Legitimasi terhadap paralegal dapat dilihat dalam Pasal 9 huruf a Undang- undang Nomor 16 Tahun 2011 Tentang Bantuan Hukum yang berbunyi: “Pemberi
bantuan hukum berhak melakukan rekrutmen terhadap advokat, paralegal, dosen, dan mahasiswa fakultas hu
kum”. Dalam pasal tersebut hanya menerangkan bahwa pemberi bantuan hukum dalam hal ini lembaga bantuan hukum atau organisasi
kemasyarakatan yang memberi layanan bantuan hukum dapat melakukan rekrutmen terhadap paralegal. Berarti rekrutmen yang dimaksud adalah mewakili lembaga
bantuan hukum atau organisasi kemasyarakatan yang memberikan layanan bantuan hukum, tetapi dalam Undang-undang Bantuan Hukum tersebut tidak ada penjelasan
lebih lanjut apakah kedudukan paralegal setara dengan pemberi bantuan hukum atau penjelasan mengenai cara kerja dan ruang lingkup dari paralegal.

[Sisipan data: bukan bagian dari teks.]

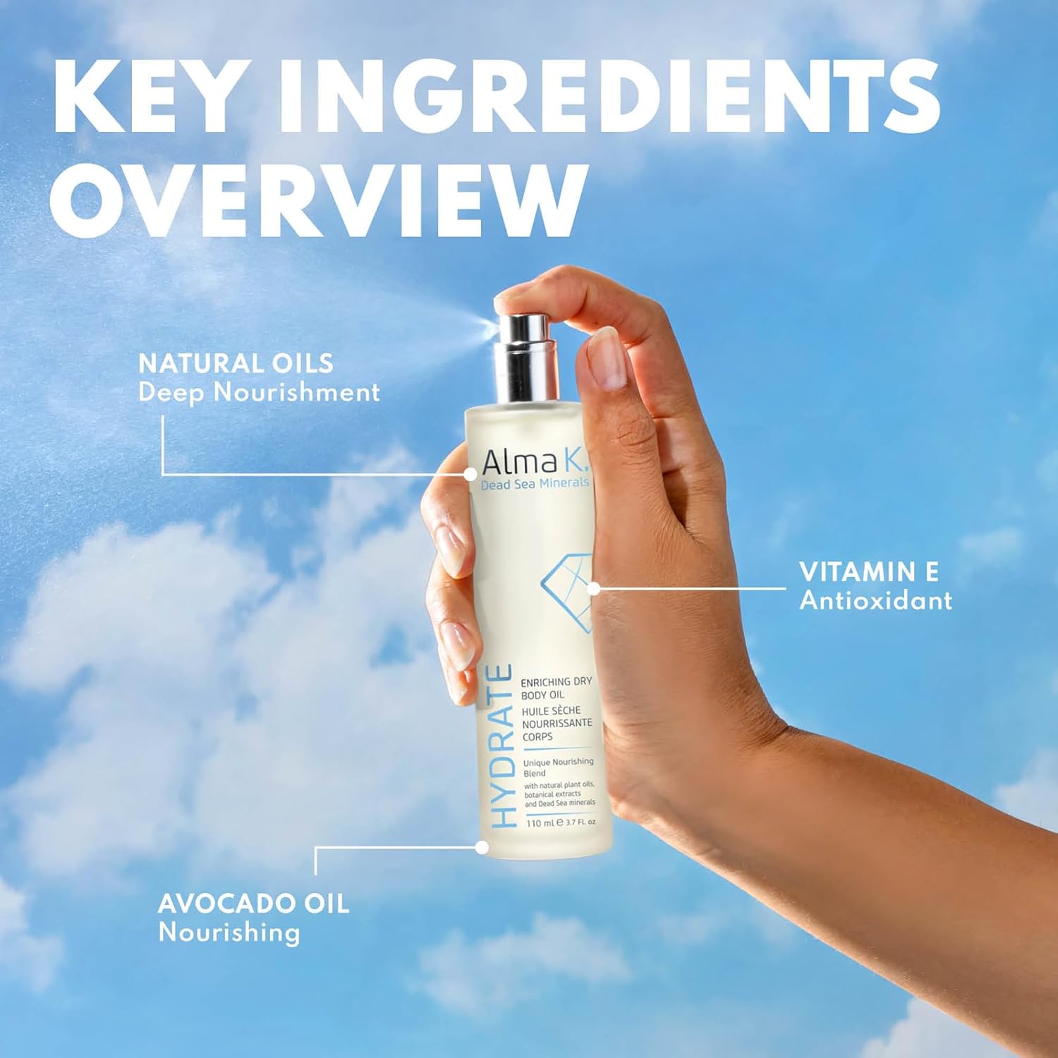 About this item Natural Ingredients: Alma K Enriching Dry Body Oil spray features avocado, olive, argan, and sweet almond oils, combined with vitamin E and Dead Sea minerals. This blend nourishes the skin, providing hydration and promoting a silky-smooth feel. White Tea and Neroli Scent: This moisturizing body oil for women is delicately scented with white tea and neroli, offering a subtle and refreshing fragrance. Enhance your skincare routine with a soothing aroma that lingers gently on the skin. Multi-Purpose Use: Not just for skin, this body oil spray can also be used on hair to boost shine and prevent frizz. It is a versatile body oil for dry skin, offering the benefits of a moisturizing oil for body and hair. Clean Skin Care: Alma K is dedicated to sustainable clean skincare that respects both your skin and the environment. With a focus on clean ingredients and practices, our personal care products are crafted to minimize their environmental impact. Made with Natural Oils and Dead Sea Minerals: Alma K skin care harnesses the power of 100 percent natural oils, botanical extracts, and Dead Sea minerals. With Alma K, you're treating your skin to the best nature has to offer. See more product details,Natural Ingredients: Alma K Enriching Dry Body Oil spray features avocado, olive, argan, and sweet almond oils, combined with vitamin E and Dead Sea minerals. This blend nourishes the skin, providing hydration and promoting a silky-smooth feel,White Tea and Neroli Scent: This moisturizing body oil for women is delicately scented with white tea and neroli, offering a subtle and refreshing fragrance. Enhance your skincare routine with a soothing aroma that lingers gently on the skin,Multi-Purpose Use: Not just for skin, this body oil spray can also be used on hair to boost shine and prevent frizz. It is a versatile body oil for dry skin, offering the benefits of a moisturizing oil for body and hair,Clean Skin Care: Alma K is dedicated to sustainable clean skincare that respects both your skin and the environment. With a focus on clean ingredients and practices, our personal care products are crafted to minimize their environmental impact,Made with Natural Oils and Dead Sea Minerals: Alma K skin care harnesses the power of 100 percent natural oils, botanical extracts, and Dead Sea minerals. With Alma K, you're treating your skin to the best nature has to offer

Pengakuan yang diberikan oleh Undang-undang Bantuan Hukum terhadap paralegal juga dirasa masih belum jelas karena di dalamnya tidak disebutkan secara
jelas tentang siapa paralegal itu atau pengertian tentang paralegal, dan cara kerja atau ruang lingkup dari paralegal juga tidak diatur secara jelas di dalamnya. Padahal
sebelumnya dalam Rancangan Undang-undang Bantuan Hukum Pasal 1 angka 5 disebutkan bahwa paralegal adalah orang yang memiliki latar belakang pendidikan
hukum atau memiliki pengalaman pekerjaan di bidang hukum yang membantu pemberian bantuan hukum sesuai dengan Undang-Undang ini. Ruang lingkup
paralegal juga diatur dalam Rancangan Undang-undang Bantuan Hukum Pasal 5 ayat 4 bahwa paralegal memberikan bantuan hukum dalam bentuk konsultasi hukum dan
penyelesaian sengketa di luar pengadilan. Tidak diaturnya secara jelas mengenai paralegal dalam Undang-undang
Bantuan Hukum menimbulkan pertanyaan apakah pengertian dan cara kerja paralegal yang diatur sebelumnya dalam Rancangan Undang-undang Bantuan Hukum tidak
dapat mengakomodasi pengertian dan ruang lingkup paralegal, sehingga dianggap tidak perlu diatur dalam undang-undang. Karena dengan tidak diaturnya paralegal
dalam undang-undang maka pengertian paralegal akan menjadi sangat luas sebab terdapat banyak pendapat yang mengatur mengenai paralegal.